To fix this issue, it suffices to replace strtok
with its thread-safe
alternative, strtok_r
. In the latter function, a pointer is used as the last
parameter to help the thread keep track of where in the string it is parsing.
Here is the fixed function with strtok_r
(full source code
here (countsElemsStr_p_v2.c):
/* parallel version of countElemsStr (First cut):
* computes the frequency of all the elements in the input string and stores
* the associated counts of each element in the array called counts */
void* countElemsStr(void* args) {
//parse arguments
//omitted for brevity
//local variables
int val, i;
char * token;
int local_counts[MAX] = {0};
char * saveptr; //for saving state of strtok_r
//compute local start and end values and chunk size:
//omitted for brevity
//tokenize values
token = strtok_r(input_str+start, " ", &saveptr);
while (token != NULL) {
val = atoi(token); //convert to an int
local_counts[val] = local_counts[val]+1; //update associated counts
token = strtok_r(NULL, " ", &saveptr);
}
pthread_mutex_lock(&mutex);
for (i = 0; i < MAX; i++) {
counts[i]+=local_counts[i];
}
pthread_mutex_unlock(&mutex);
return NULL;
}
The only change in this version of the code is the declaration of the
character pointer saveptr
and replacing all instances of strtok
with
strtok_r
. Rerunning the code with these changes yields the following
output:
$ gcc -o countElemsStr_p_v2 countElemsStr_p_v2.c -pthread $ ./countElemsStr_p_v2 100000 1 1 contents of counts array: 9963 9975 9953 10121 10058 10017 10053 9905 9915 10040 $ ./countElemsStr_p_v2 100000 1 2 contents of counts array: 9963 9975 9953 10121 10058 10017 10053 9905 9915 10040 $ ./countElemsStr_p_v2 100000 1 4 contents of counts array: 9963 9975 9953 10121 10058 10017 10053 9905 9915 10040
Now the program produces the same result for every run.

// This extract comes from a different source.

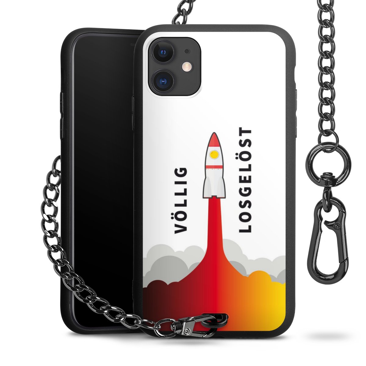 Die mattschwarze Silikon-Handyhülle besteht aus robustem TPU (thermoplastisches Polyurethan). Sie ist flexibel und schützt Dein Smartphone vor Stößen und Kratzern. Die Kette sowie der Karabinerhaken sind aus Metall in Gunmetal-Optik gefertigt. Für dieses Produkt kommen ausschließlich TÜV-geprüfte Materialien zum Einsatz.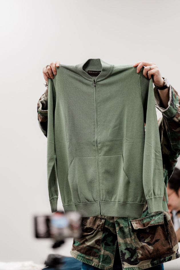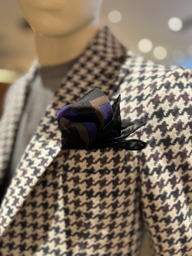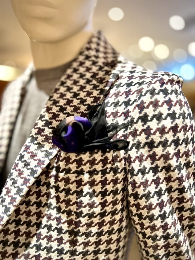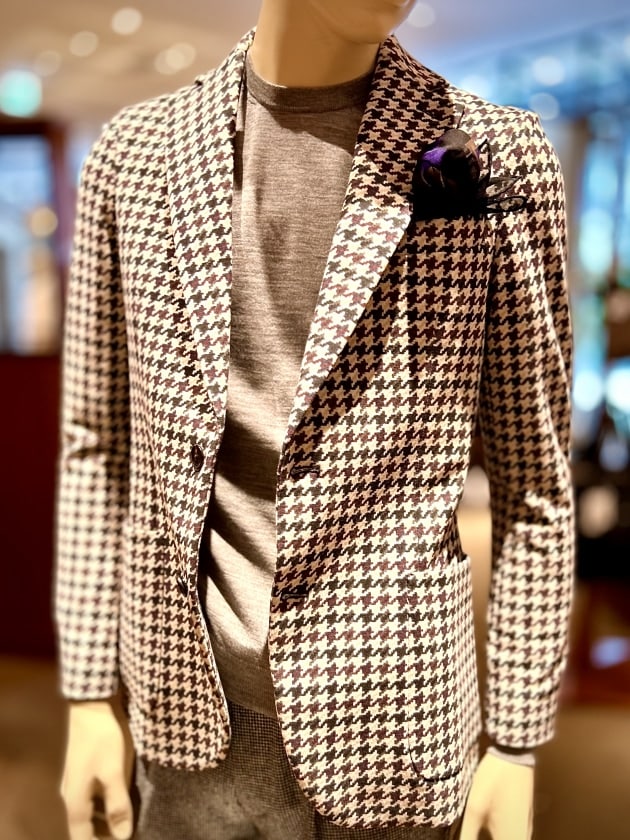 デザインだけでなくシルクのような光沢があり、しなやかで柔らかい肌触り。そして優れた耐久性も兼ね備えているという<FILIPPO DE LAURENTIIS>の真髄もしっかり感じられる1着です。

The use of saveptr
in conjunction with strtok_r
ensures that each thread can independently
track their location when parsing the string.
The takeaway from this section is that one should always check the list of thread-unsafe functions in C when writing multithreaded applications. Doing so can save the programmer a lot of heartache and frustration when writing and debugging threaded applications.